The early race for the No. 1 pick in the draft is focused on three candidates and so wide open that it would not be a surprise if a fourth, a player to be named later, moves into contention. But at least the NCAA is definitely out of the running.
That portion of the intrigue faded last week, when the college governing body reinstated UCLA freshman swingman Shabazz Muhammad following an investigation into impermissible benefits on recruiting visits to other schools, saving NBA teams from having to consider using the first pick on a player who had just missed an entire season. (While the Jazz took Enes Kanter third in 2011 after the NCAA grounded him at Kentucky for overseas benefits, No. 1 is a unique spotlight.) As much as front offices would have discarded the reason Muhammad was sitting -- an issue over amateur status, not the sign of a troubled player -- someone could have been walking into unprecedented territory.
Still to be resolved: Everything else.
The consensus around the NBA is that there is no consensus. The closest to a definitive statement for now is that the leading candidate for the top pick in June is down to three possibilities as the process accelerates into important evaluation tournaments, to be sorted out later among Indiana's Cody Zeller, a sophomore center-power forward, and two freshmen, Muhammad and Kentucky power forward Nerlens Noel. Inexperience and size in a draft class that could have a lot of both.

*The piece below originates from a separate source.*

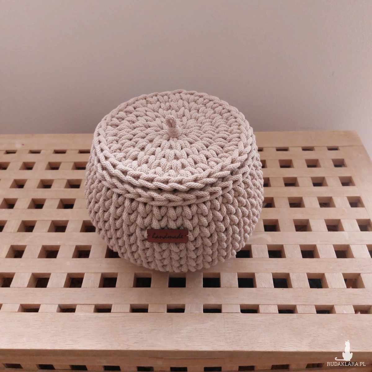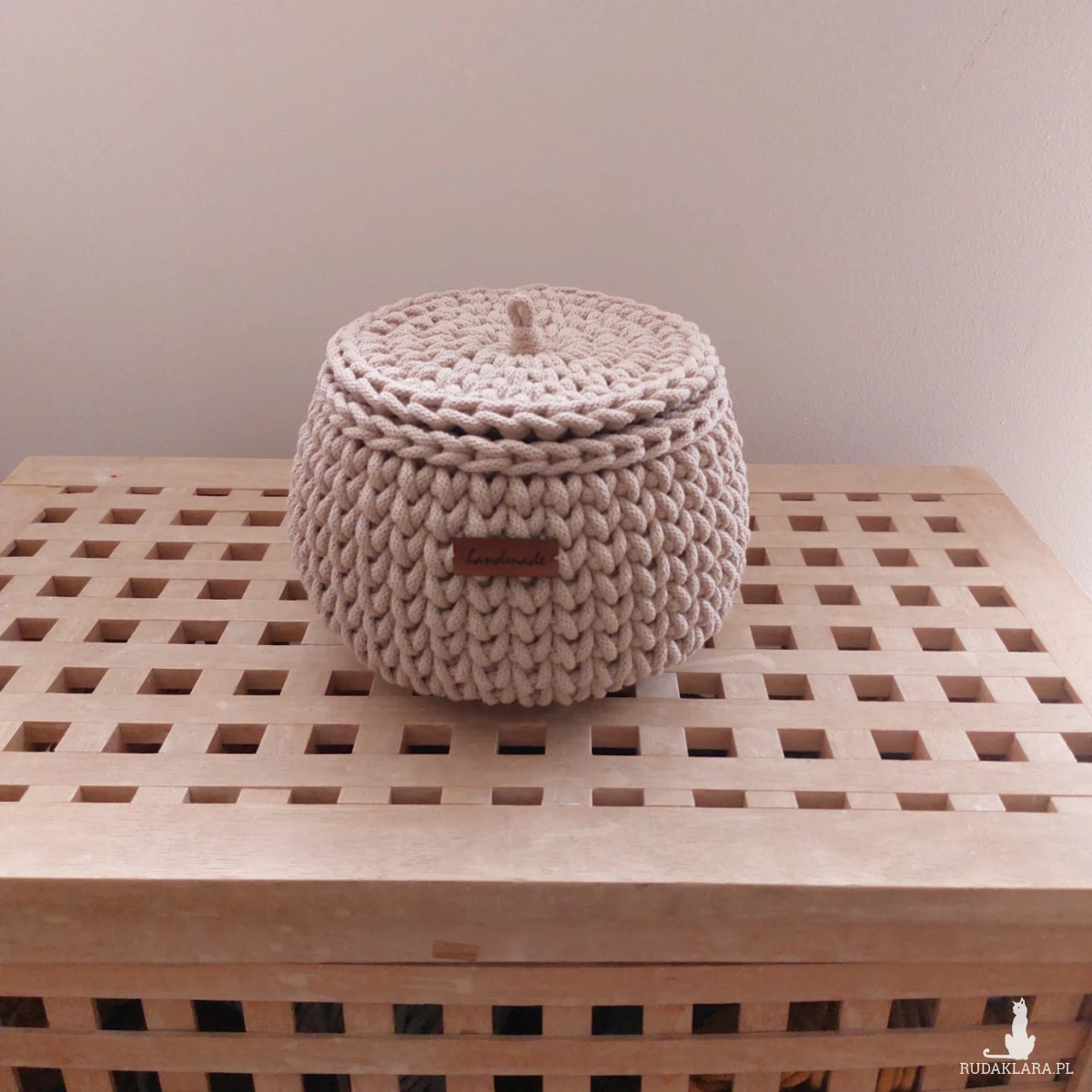 Na sprzedaż oferuję koszyk z pokrywką ze sznurka bawełnianego w kolorze beżowym ( istnieje możliwość wykonania w innym kolorze).

Zeller is the safe choice -- solid with very good fundamentals, more NBA-ready than Noel and Muhammad, mobility, the No. 1 player on the current No. 1 team, and by most all NBA accounts heading toward a nice career. But that's part of the problem. The younger brother of Cavaliers rookie Tyler Zeller, the 17th selection in 2012, may never have the superstar return on the investment a lot of teams want from a first pick. The ceiling is the question. Cody also may not be a center in the pros, depending on the team that takes him.
Noel is limited with the ball, with the chance to become a scorer around the basket off offensive rebounds and bursts of athleticism that can create the separation for quick hooks or (very) short jumpers. Defensively, though, as a quick leaper at 6-11, with definite potential as a shot blocker and rebounder, NBA teams see the wow factor. If Noel develops at all on offense, the case for No. 1 moves forward.
Muhammad is a scorer. He just isn't much of a shooter, which is a problem for someone who, barring a growth spurt, will be a shooting guard in the NBA. The deficiency in that area packaged with aggressive play, court sense and indications of a great attitude has been compared to Michael Kidd-Gilchrist, the Kentucky small forward who went No. 2 to the Bobcats in June. The NCAA discipline only cost Muhammad three games and is such a non-factor for the pros that he could have missed the entire season and still gone top three.
The fall-off starts there. But because the first few picks are fluid, the opportunity exists for a party crasher, from anywhere. One executive rated Rudy Gobert, a 7-1 Frenchmen, as a possibility. A scout put Alex Len in the mix for the top five after the Maryland center had 23 points, 12 points and four blocks against a Kentucky frontline with great preseason buildup, and top five in November is positioning to climb to the top as the season continues. North Carolina forward James McAdoo is in the same grouping after staying in school despite being a likely 2012 lottery pick.
This is the starting point, with Zeller, Muhammad and Noel in the lead pack and anything still possible. The intrigue that remains after the NCAA portion went away.